Review by Jessica Carr

There is an intense anger brewing under the surface of Wayne Wang’s Coming Home Again. You can feel it even in the opening shot as Chang-Rae Lee (Justin Chon) runs up a hill. The camera is positioned far away at the top of the hill. As Rae gets closer to the camera, we realize he is sobbing. He pauses halfway up and screams out. Then it cuts to black. 

The unease and tension just increases from there. Coming Home Again is based off of a 1995 New Yorker essay written by Korean-American novelist Chang-Rae Lee. Rae quit his job and moved back home when his mom was diagnosed with stomach cancer. The film focuses on the relationship between Rae and his mom as he tries to cook all the traditional Korean dishes she used to make him when he was young. Rae becomes his mom’s sole caretaker, making sure that her feeding tube is working properly and that she is as comfortable as possible. But he isn’t happy to be the dutiful son; instead, he seems resentful. As the movie progresses, we find out that his parents sent him to boarding school and he has resented them ever since. 
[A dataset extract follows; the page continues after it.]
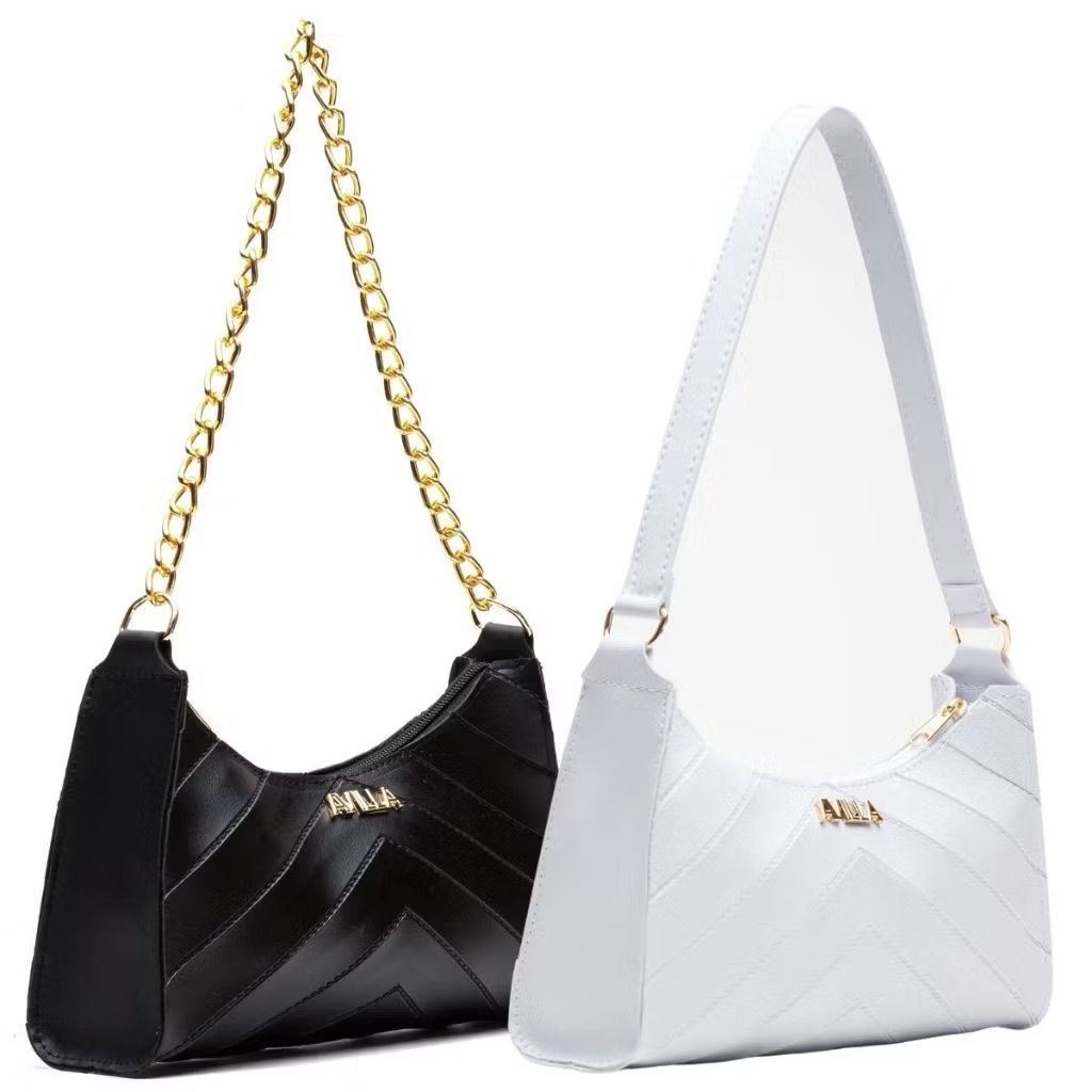 Kit 2 Bolsas Feminina Baguete Alça Corrente Bordada Seta Pequena Ombro Mão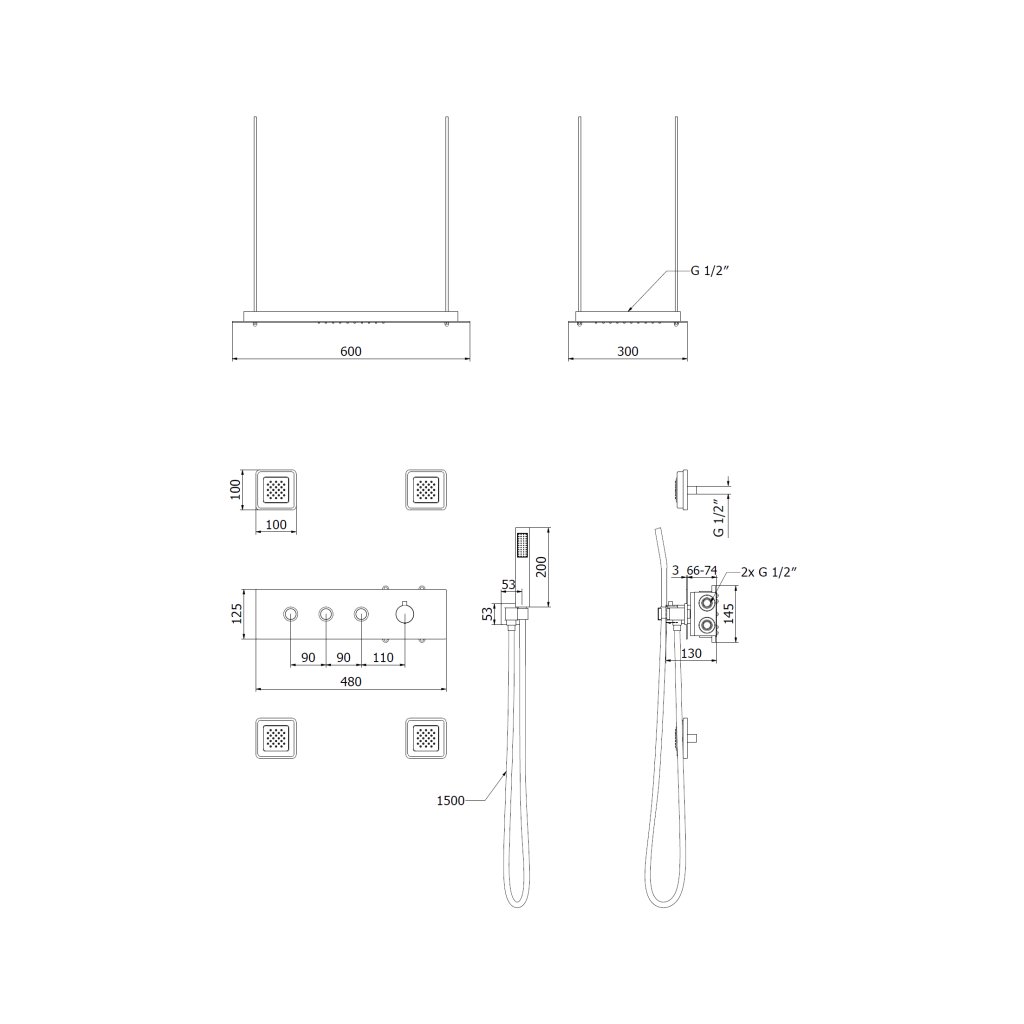 - Dešťová sprcha s deštěm a kaskádovým proudem

That resentment can be felt throughout the whole movie. Its cold atmosphere falls over the audience and makes the viewing experience very uncomfortable. And the anger makes sense, right? It is understandable for someone to be angry that their mom has been diagnosed with stomach cancer, especially since she was a woman who loved cooking. It’s unfair that she was dealt these cards to deal with. But the movie doesn’t do a good job of trying to get the audience to connect with these feelings. The relationship between Rae and his mom isn’t explored enough. The two characters don’t feel like people I know; istead, everyone is cold and disconnected. They keep their feelings to themselves and they do everything robotically. After I watched the film, I had to wonder…was this what the essay was like? Did he mean for this experience to be presented so coldly? And after reading the essay itself, I don’t think it was. This seems to be a weird affectation from director Wayne Wang – one that doesn’t really match the source material or make the movie a space where audiences can come together and try to understand a story about grief. All of these things were really disappointing to me, especially right after watching the premiere of Blackbird, an American movie about a dying parent that is able to connect with audiences much more effectively.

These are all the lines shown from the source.